▶ [ABOUT THIS EXERCISE]: Only one stretch of the material below is wanted: everything from the line containing "Harvest-Gold Heavy Sequins" down to the line containing "レンズ表面に保湿成分MPCポ", both ends included. Repeat it exactly and skip the pictures.

▶ [EXTRACTED RECORDS]:
################
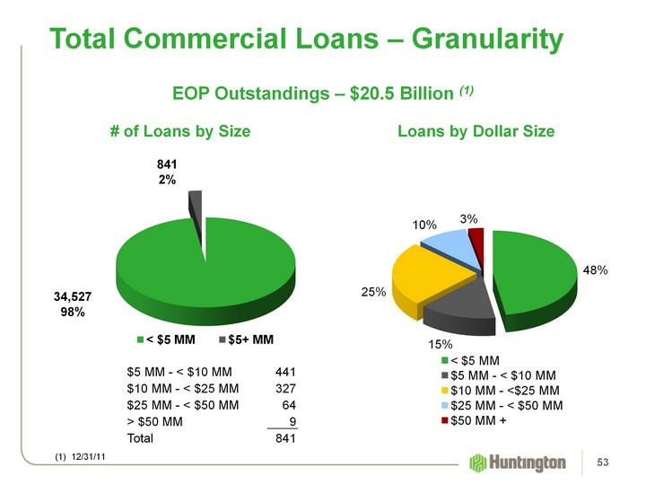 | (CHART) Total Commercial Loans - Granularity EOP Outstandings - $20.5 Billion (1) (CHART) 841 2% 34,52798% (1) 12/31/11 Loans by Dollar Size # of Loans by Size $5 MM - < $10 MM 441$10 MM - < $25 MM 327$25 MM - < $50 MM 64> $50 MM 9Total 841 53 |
################
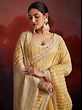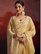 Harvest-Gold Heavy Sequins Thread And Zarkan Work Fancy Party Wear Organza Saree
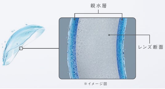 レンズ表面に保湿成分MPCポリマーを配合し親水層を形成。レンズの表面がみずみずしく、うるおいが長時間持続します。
################
▶ [EXERCISE RESPONSE]:
 Harvest-Gold Heavy Sequins Thread And Zarkan Work Fancy Party Wear Organza Saree
 レンズ表面に保湿成分MPCポリマーを配合し親水層を形成。レンズの表面がみずみずしく、うるおいが長時間持続します。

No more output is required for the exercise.